Both craters have bull's-eye structures, with a pair of concentric walls separating inner and outer sections of the crater floor. The main difference is that the inner ring of Twin is pocked by very few small craters, indicating that it has not been exposed to meteor bombardment for as long as Raditladi.

There's only one thing that could resurface part of the floor of an impact crater that recently. "That's just absolute proof of volcanism," Chapman said on 20 October at the annual meeting of the Geological Society of America, in Portland, Oregon. "It's hard to say, but it could be less than a billion years old." Previously, scientists had thought that Mercury's period of volcanic activity ended more than three billion years ago.

And although the areas around Raditladi's inner and outer rings have roughly the same number of craters, Twin's outer ring has three times more craters than its inner one. That suggests that the crater might have seen two successive stages of volcanic activity, says Chapman.

Complex crust

Twin is not the only MESSENGER discovery to reveal that Mercury's geology is more complex than previously thought.
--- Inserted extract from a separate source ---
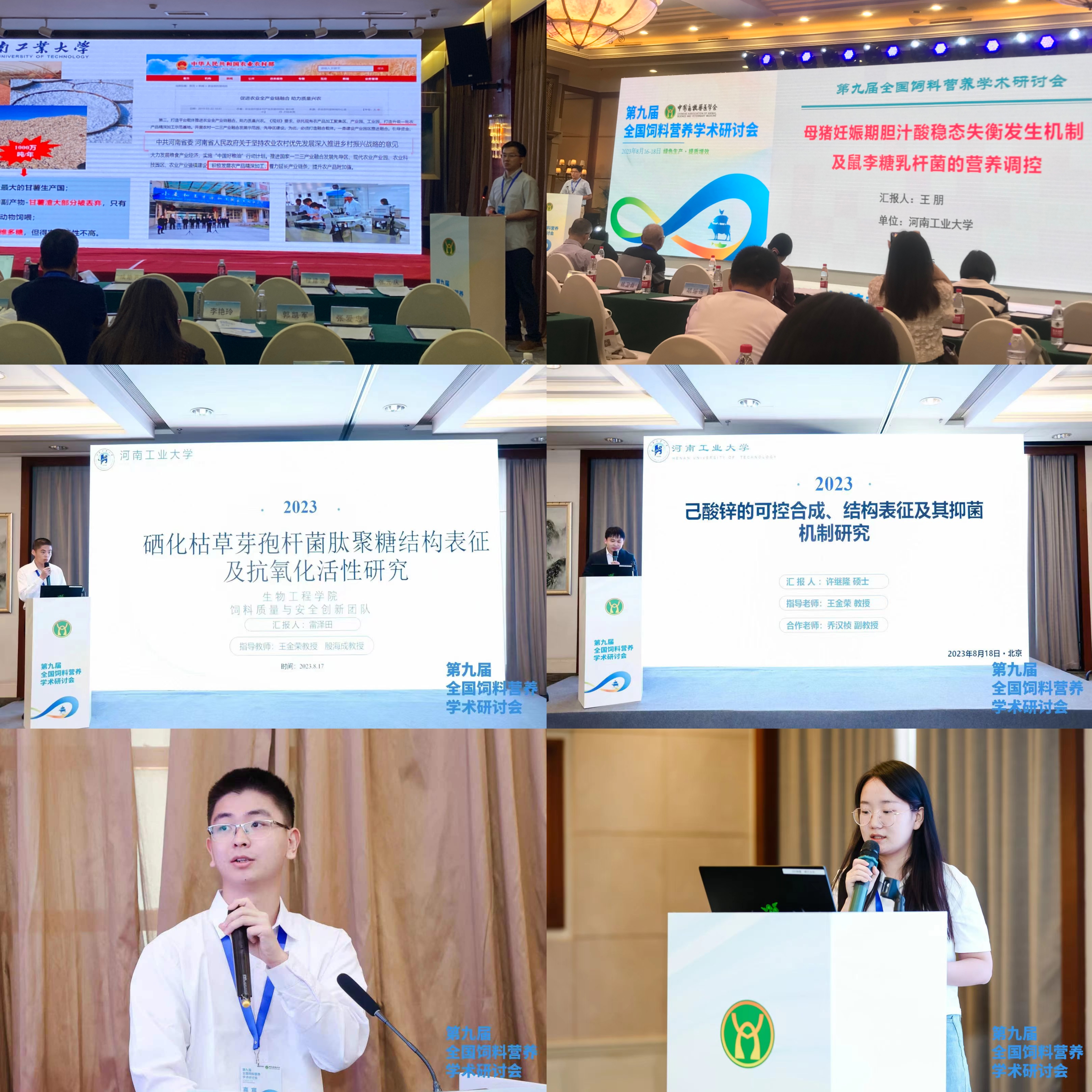 此次研讨会共设5个专题分会场:1、猪营养,2、反刍动物营养,3、家禽营养,4、饲料原料与饲料添加剂,5、饲料生物技术与安全/水产、特种动物/其他。来自全国相关领域专家、学者、技术权威及行业代表,就当前饲料科学与动物营养领域的热点和前沿问题做专题报告、讲座;开展饲料科学、动物营养及相关交叉学科的交流与研讨;聚焦我国目前养殖形势和产业实际,重点开展畜禽养殖“减抗、替抗、禁抗”背景下,新型饲料原料、饲料添加剂产业前沿科技成果及新产品信息交流。大会共有4个专题报告和47个分会场特邀报告,以及136个分组学术交流汇报和77篇壁报展示。我院动物科学系教师乔汉桢副教授和王朋博士分别作了题为“挤压膨化辅助提取甘薯渣多糖及其特性研究”及“母猪妊娠期胆汁酸稳态失衡机制研究及鼠李糖乳杆菌的营养调控”的分会场报告。4名硕士研究生雷泽田、许继隆、丑义宣和李梦琦在分会场进行了学术交流,题目分别为“硒化枯草芽孢杆菌肽聚糖结构表征及抗氧化活性研究”、“己酸锌的可控合成、结构表征及其抑菌机制研究”、“不同脱色工艺地黄多糖物化、结构和抗氧化特性研究”和“月桂酸锌对ETEC感染小鼠肠道损伤的影响及机制研究”。郭琳娜博士和硕士研究生陈倩倩的论文进行了壁报展示。此外,王金荣教授还担任了“饲料原料与饲料添加剂”分会场的主持工作。

It has been known for decades that Mercury is covered with long, steep escarpments, probably created as the planet cooled and shrank just after it first formed. But new fly-by data indicates that these scarps might be as much as a kilometre high. "Wherever we look, when there is a low enough Sun angle [to highlight them], we see these thrust faults all over the place," says Robert Strom of the University of Arizona's Lunar and Planetary Laboratory in Tucson.

The MESSENGER scientists are also seeing features that seem to be volcanoes, and include smooth areas that could be the residues from pyroclastic flows -- outbursts of hot rocks and gas. Such flows are a surprise because they come from magma that is rich in volatile compounds.
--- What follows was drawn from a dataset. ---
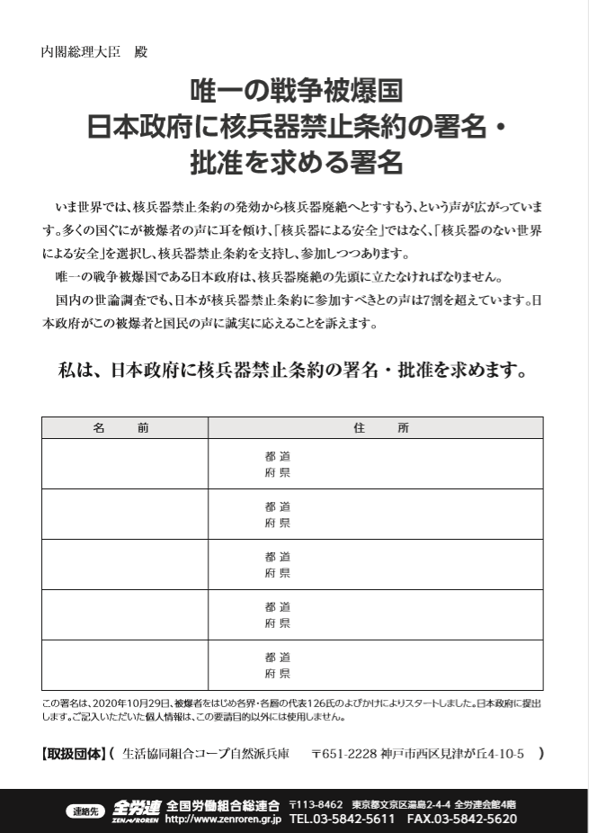◆「唯一の戦争被爆国 日本政府に核兵器禁止条約の署名・批准を求める署名」のご協力をありがとうございました。
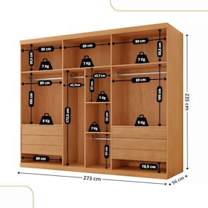 Dimensoes do Roupeiro: Altura: 235 cm Largura: 273 cm Profundidade: 56 cm

"We're getting an intriguing look that even as close to the Sun as Mercury there may be some process for delivering and retaining volatiles to the interior that we did not appreciate," says Sean Solomon, of the Carnegie Institution of Washington.

Elsewhere there are indications that Mercury has had a complex tectonic history. Four sets of overlapping cracks in the 715-kilometre-wide Rembrandt Basin may indicate that they were created in four stages of crust movement, says Louise Prockter of the Planetary Exploration Group in Laurel, Maryland. "[They] point to Mercury being an even more tectonically interesting place than we suspected either from Mariner 10 [in 1974] or the first two [MESSENGER] fly-bys," Solomon says.